Beyond Babyhood: The Joy of Mothering Toddlers to Teens

18 Jun

I’m anxious to see the documentary “Babies” (see clip below), that chronicles the first year in the lives of four babies from across the globe. However, I can’t help but wish that the producers would follow up with a sequel, “Toddlers.”

I’m still surprised by how frequently new moms express a fear of parenting a toddler; sometimes openly critical of other moms with older children. I see it in the blogosphere over and over. All this judgment coming from parents who are used to observing a contented baby cooing in a baby carrier. I can only smile and nod, while silently praying, “Give strength to this mother, Lord, because she will certainly need it!”

I have definitely struggled to let go of the baby years; I was pregnant with my second child shortly after the first started to walk. And while I will always love being around babies, I’ve also embraced the joy of each passing milestone. This week, my five-year-old daughter lost her first tooth. I shared her pride and happiness, despite my memories of rocking her when she was teething. My seven-year-old girl watched in awe as an older girl got her ears pierced; asking again when she can do this. (Not before age 10, which will be here before I know it.) And I’m not afraid to admit that I will be incredibly grateful to be done with the diaper phase!
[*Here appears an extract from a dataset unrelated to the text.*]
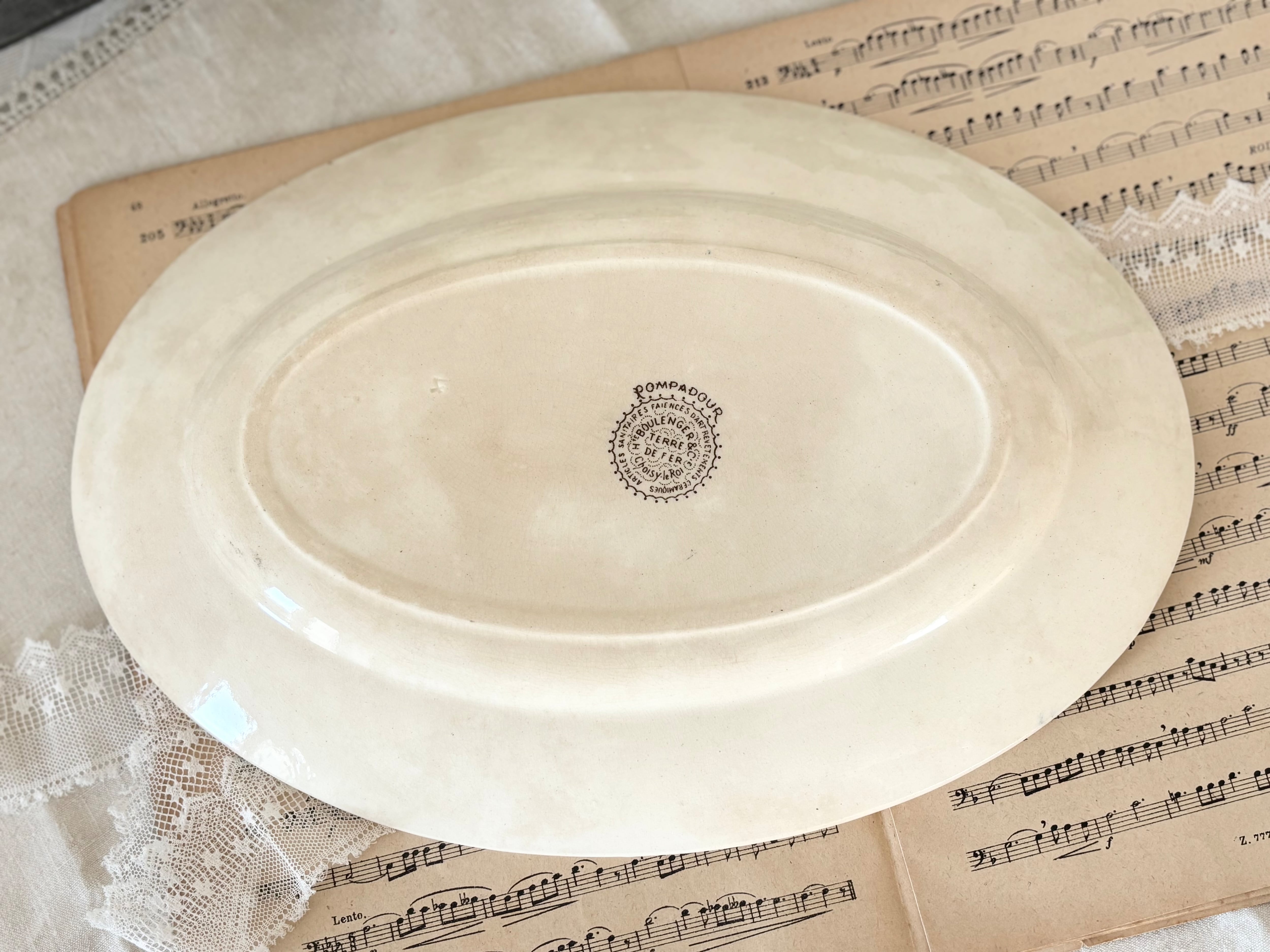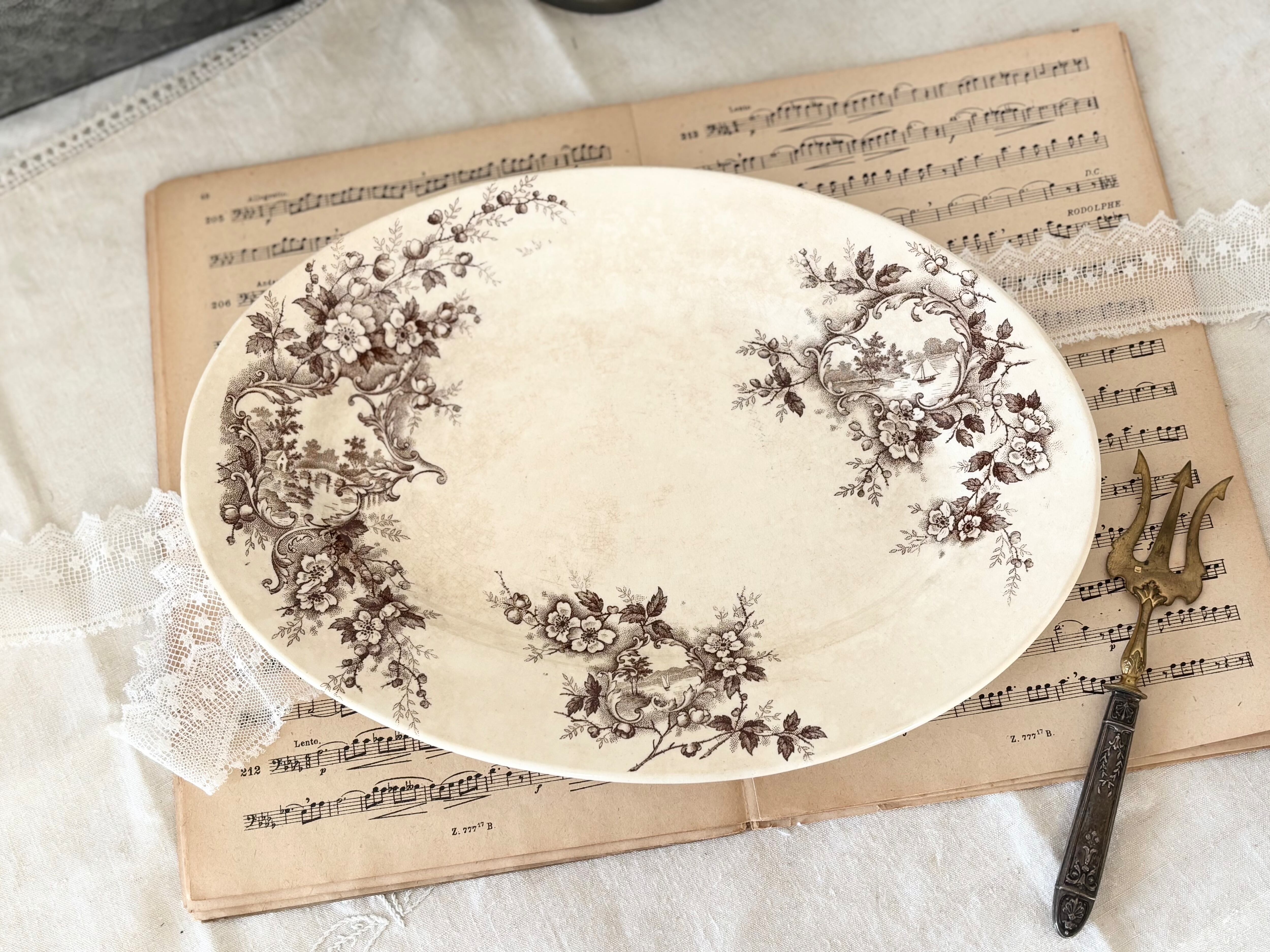 O様お取り置き/ 30.5cm オーバルプレート / H Boulenger &Cie , Choisy- le-roi / Terre de fer / Pompadour / 帆船 / France / Antique / vintage / ショワジールロワ / ブラウン/ フランス/ アンティーク

MOM DARE: For moms who are still at the beginning of this journey, your challenge this week is to imagine your baby as a toddler, a preschooler and beyond (as far as you can fathom). What will you miss and what will you be happy to put behind you? Conjure up that first moment when your child hugs your neck and proclaims, “I wub you.” And most of all, I urge you to practice patience and tolerance of moms who are mothering children at different stages than your own. If you’re a mom who has moved beyond the baby years, take some time this week to look back on that first magical year with each of your children. Look through some old photos or baby books. Sometimes during a rough phase in parenting, it helps to remember your child as that toothless, cooing bundle of love.